Протоиерей уходил, чуть колыхая прямой спиной - желтый вихрь пыли. А тень позади редкая, смешная - как от рогожи.
Выше, по реке, тальники - по лугам, сереброголовые утки. Рябина земная рана. Вгрызся Иртыш в пески, замер. Ветер разбежится, падет, рябь пойдет, да в камышах утячий задумчивый кряк.
Желтых земель - синяя жила! Какая любовь напрягла тебя, какая тоска очернила?
--------------
Собака и та газету тащит. Колбаса в газету была завернута. Раньше же колбасу завертывали в тюремные и акцизные ведомости. По случаю амнистий арестантов в тюрьме не существует, самогон же продается без акцизу - самосудным боем бьет за самогон солдатская милиция.
На углах по три, по пять человек - митинги. Воевать или не воевать? Гнать из города Запуса или не гнать?
А Кирилл Михеич знает про это? Каждый спрашивает: известно почему. Покамест до постройки шел, сколько раз вызывали на разговоры.
Хочет Кирилл Михеич жить своей прежней жизнью.
Господи! Ведь тридцать семь лет и четыре месяца! А тут говорят прожил ты годики эти и месяцы неправильно - вор ты, негодяй и жулик. Господи!
Не смотрел раньше на Господа-Бога. Как его зовут чуть не забыл. Ага! Иисус Христос, Бог-Саваоф и дух святой в виде голубыне.
Со свадьбы, кажись, и в церкви не был. Нет, на освящениях церковных бывал - опять-таки не помнит, чему молились. Пьяный был и бабой расслаблен. С бабой грешил и в пост и не в пост.
Жаром пышут деревянные заплоты. Курица у заплота дремлет, клюв раскрыла. На плахах лесов смола выступила. И земля смолой пахнет - томительно и священно.
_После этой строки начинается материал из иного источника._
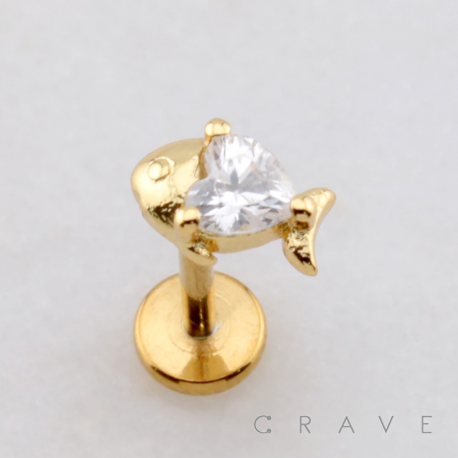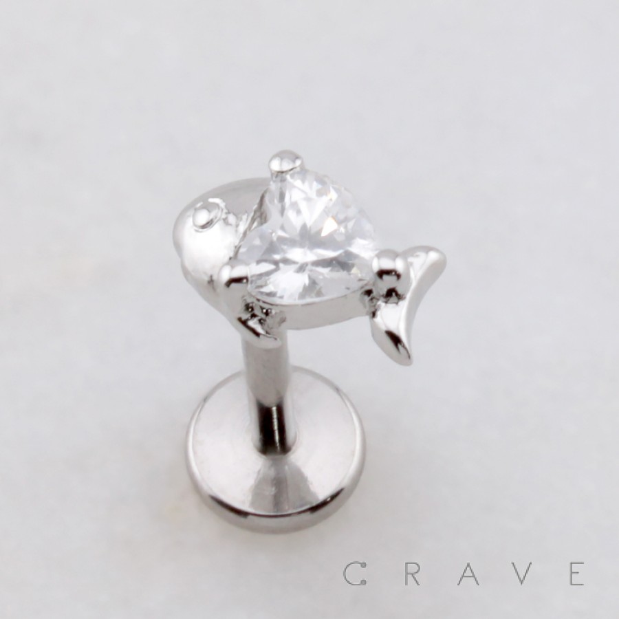 AQUATIC SEA FISH CZ STUD THREADLESS (PUSH IN) 316L SURGICAL STEEL LABRET SET
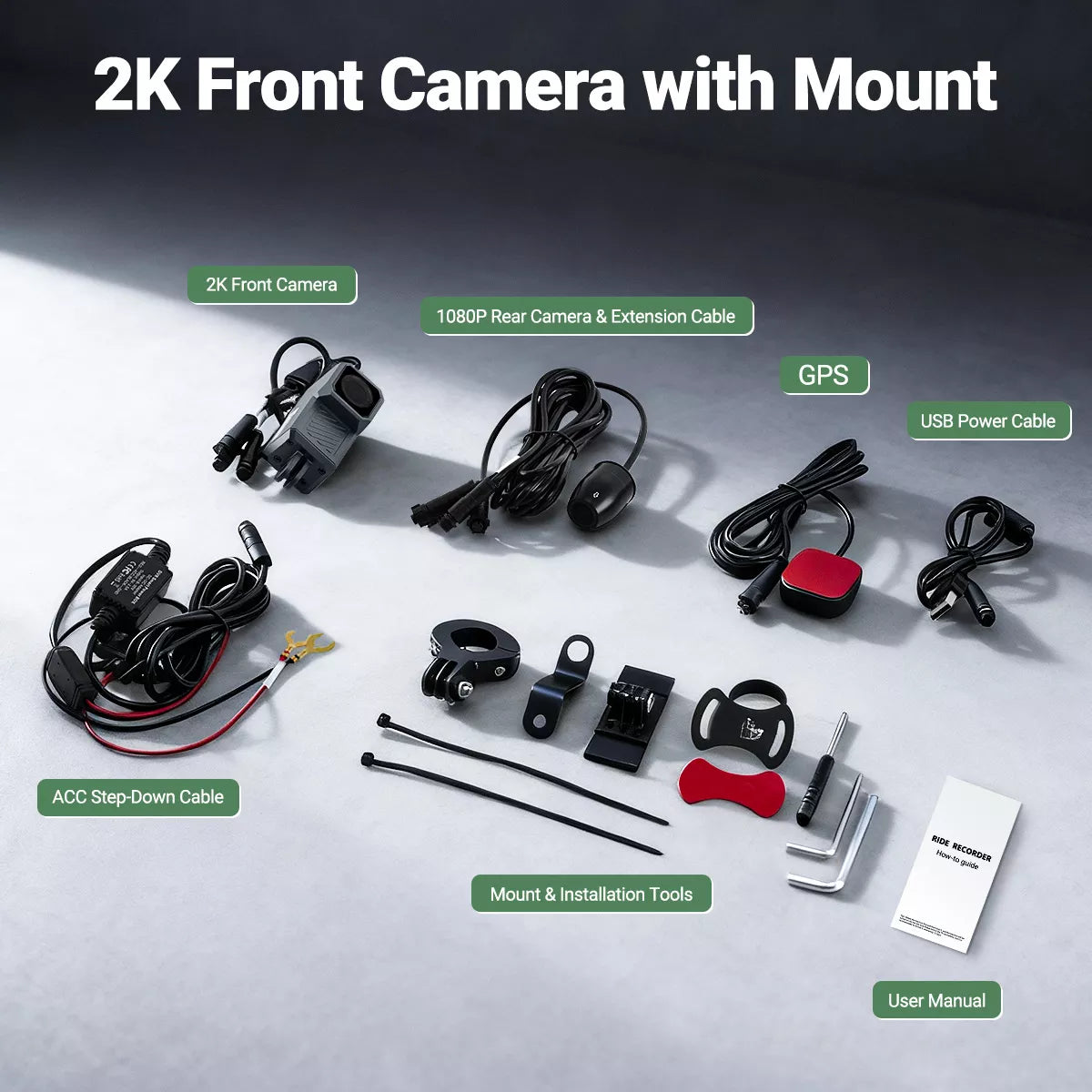 - Alimentación: 5V/1A. Compatible con USB estándar y cableado ACC de motocicleta para modo de estacionamiento.
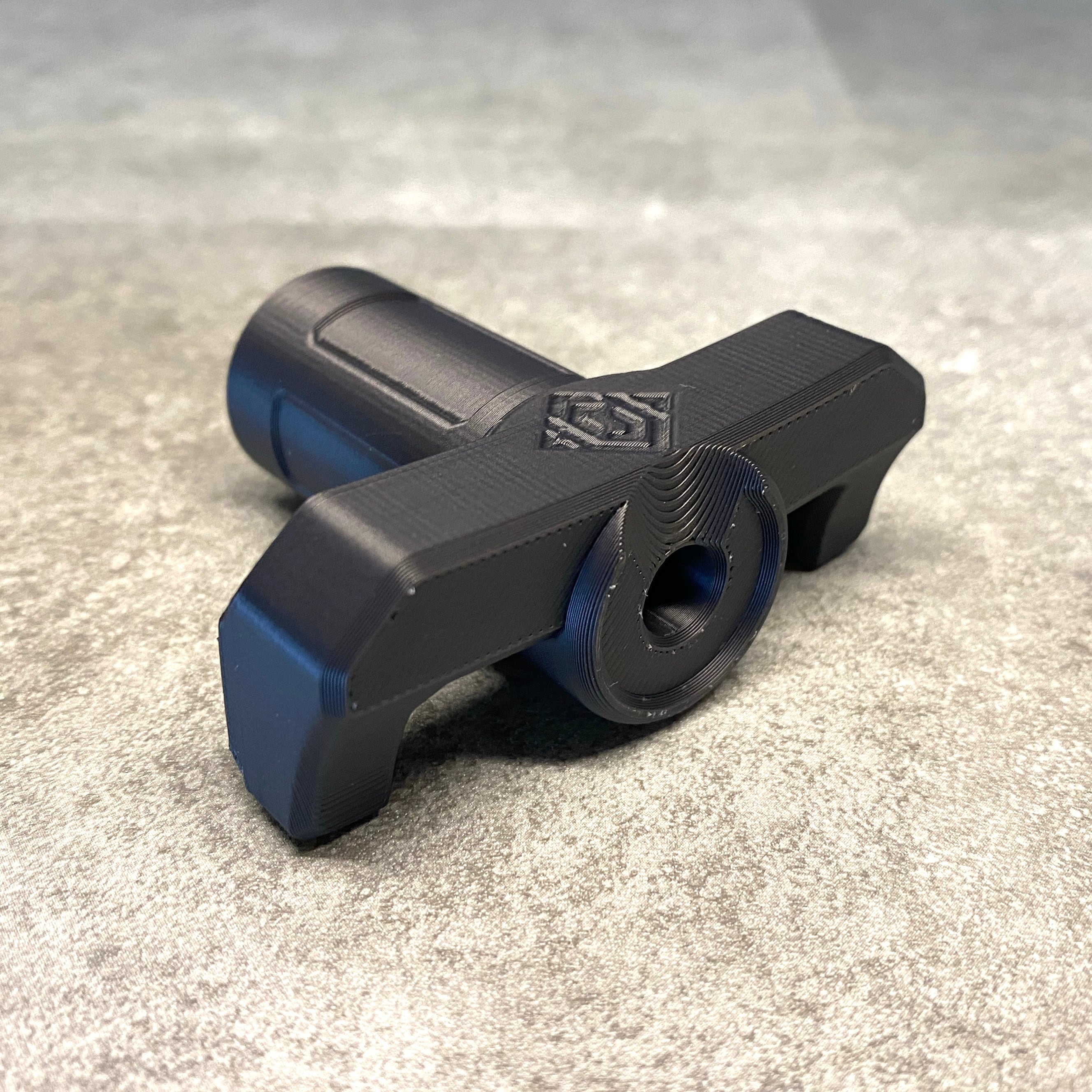 ・左右対象のL字型ハンドルにデザインしました。これにより使い慣れた純正コッキングレバーを引く感覚でコック出来ます

Обошел постройку, выругать никого нельзя. И глупые ж люди - сами для себя строить не хотят. Ну, как к ним теперь, с которого конца? Еще в зубы получишь.
С красными лентами на шапках проехали мимо рабочие с Пожаловской мельницы. Одежда в муке, а за плечами винтовка. "Пополам, грит, все. И-их, и дьяволы"...
Генеральша ждала у ворот. Она все знала. Липкий пот блестящими ленточками сох по лицу, щеки ввалились, а вместо шали рваный бешметишко. Забормотала слезливым басом:
- Казаки со станиц идут... Вырежут хоть большевиков-то. Дай ты владычица, хоть бы успели. Не видал, батюшка, не громят? Сперва, пожалуй, с магазинов начнут.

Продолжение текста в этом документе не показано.